A round-up of the main news stories from this week.
Data Monitoring to Highlight Potential Tax Dodgers
Credit reference agencies and HMRC are to combine in a new measure designed to combat tax avoidance. Under new proposals, the income declared on up to two million tax returns could be monitored against spending patterns to detect possible tax dodgers. Credit reference agencies will identify suspect candidates, with details passed on to HMRC for further investigation.
FCA to Receive Power to Intervene
The new city regulator, the Financial Conduct Authority, will have new powers to act where it believes mis-selling to be taking place. The new body, which assumes control from the Financial Services Authority in the spring of 2013, will act to prevent further scandals involving large compensation claims. Moves are being made to implement these powers so that the new body’s responsibilities are clear at the point of takeover.
Fixed-Rate Bonds Hit All-Time Low
Fixed-rate bonds are no longer the safe-haven for savers, after falling to an all-time low. According to financial analysts Moneyfacts, the average rate of one-year bonds has tumbled to just 2.18%. The best one-year products on Which4U have crashed by 70 basis points in just 3 months. The inconvenience of locking money away for a set period is confounded by the fact that bonds no longer match inflation.

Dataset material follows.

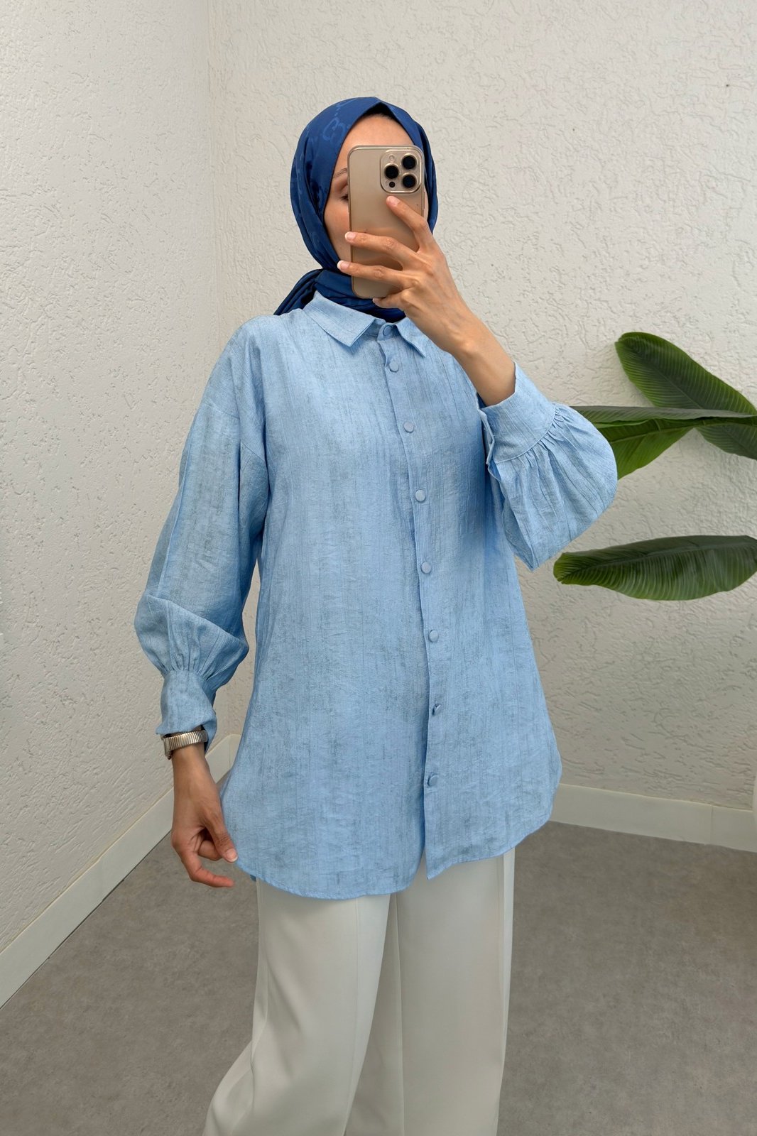 Yırtmaçlı Eteği Oval Kesim Gömlek -Bebe Mavi

Osborne Accused of Targeting the Weakest in Autumn Statement
And finally: chancellor George Osborne has been accused of heaping more misery on the weakest in his Autumn Statement this week. The chancellor announced a number of cutbacks in government spending and welfare as he attempts to claw back what remains a considerable deficit. He said that debt and borrowing were down and described the economy as “healing”; though he confessed that slow growth had extended the austerity measures by a further year, to 2018.